In fact, here are several scenarios during the employment life-cycle where background checks are appropriate and in some cases, legally mandated.
1.Tendering for new contracts
Employers can often be surprised to find out during their project tendering process that certain clients, (often government contracts), require them to have specific employee background checks in place, (such as a DBS check), in order to be considered for a contract.
Such clients typically come from sectors relating to sensitive data, vulnerable people, finance, government, education or security. Employers are advised to check such tendering documents, carefully, well in advance of submission deadlines, (to avoid nasty surprises), and ensure sufficient time to complete any necessary employee background checks.
Another logical time to background check an existing employee is prior to promoting them. This high profile case from Asda Walmart shows the value of re-screening employees prior to a promotion. A few years back, the retail chain’s then VP of Corporate Communications was found to have fabricated his CV. This fabrication was discovered during a routine pre-promotion assessment, having been missed during the original pre-hire screening process. This shows the value of pre-promotion background checks which act as a second, strategic check-point to catch any fraudulent CVs which slipped through the net during pre-employment screening.
When acquiring a business there are no guarantees that the employees that you TUPE transfer in have been background checked at all, or to the standards that your business requires. Post TUPE transfer background checks will need to be made. For example, according to Home Office Guidance employers are advised to make a fresh right-to-work check within 60 days of the transfer of the business and employees under TUPE.
You’ll also need to check whether TUPE transferred employees have the appropriate DBS clearance and how old the check is, and whether it is ‘in date’ in relation to your own policy on frequency of checks. You’ll need to assess the criminal background check for authenticity by following the DBS Identity Check process set out on the UK Government website.
If the post-TUPE employees criminal background check doesn’t conform to requirements, the employee will need to complete a new criminal background check, and this will need to be at the employer’s expense as you can’t charge for this under TUPE.
4. Ongoing Checks
Criminal background checks will need to be carried out on a regular basis at a frequency appropriate to the role being performed. Some employers re-check criminal records every 3 years, but other sectors such as NHS agency bank staff are subject to annual scrutiny.

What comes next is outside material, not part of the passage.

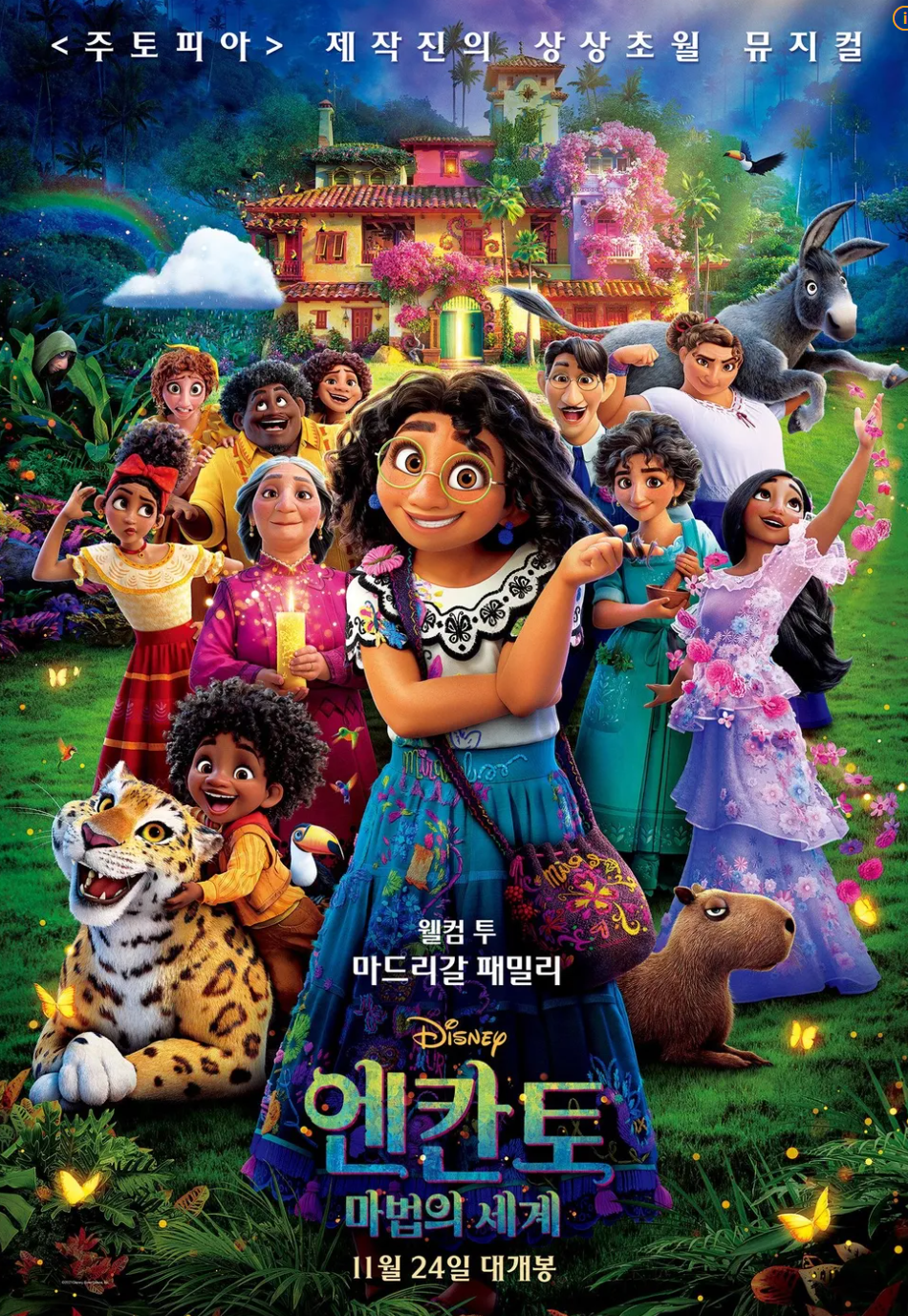 《엔칸토: 마법의 세계》는 디즈니가 선보인 60번째 장편 애니메이션으로, 가족 안에서의 개성과 이해, 진정한 사랑의 의미를 따뜻하게 그려낸 작품이다. 이야기의 중심은 마드리갈이라는 대가족이며, 이 가족은 수십 년 전 기적적으로 생긴 마법의 집 ‘카시타’와 함께 살아간다. 각 가족 구성원은 초자연적인 능력을 부여받지만, 주인공 미라벨은 유일하게 능력이 없다. 그녀는 늘 자신이 ‘특별하지 않다’는 열등감과 가족 안에서의 소외감을 느끼며 성장한다. 이런 갈등은 단순히 판타지 설정에 그치지 않고, 현대 가족 안에서 아이들이 겪는 ‘기대감과 비교’라는 현실적인 문제를 반영한다.

The Corporate Manslaughter and Corporate Homicide Act 2007 makes it very important for employers to ensure that all employees driving on business have a valid driving license. Common pitfalls are that drivers forget to return their license for refresh and reissue once a ban has been served, and drivers move house and forget to update addresses. Rechecking driving licences can be a costly background checking exercise with a high administrative burden, which is why some organizations hand it over to a background check company.
If you are a Solo-regulated financial firm falling within the Senior Manager’s and Certification Regime you would have needed to have completed your initial Fitness and Propriety checks on existing/new hires from December 2019. You’ll then need to complete annual criminal background checks on existing employees falling under the regime.
Employment Screening is no longer just a one-time event occurring prior to hiring new staff. Background checking is an ongoing process which should occur at recognized points during the employment life-cycle to preserve the integrity of your business.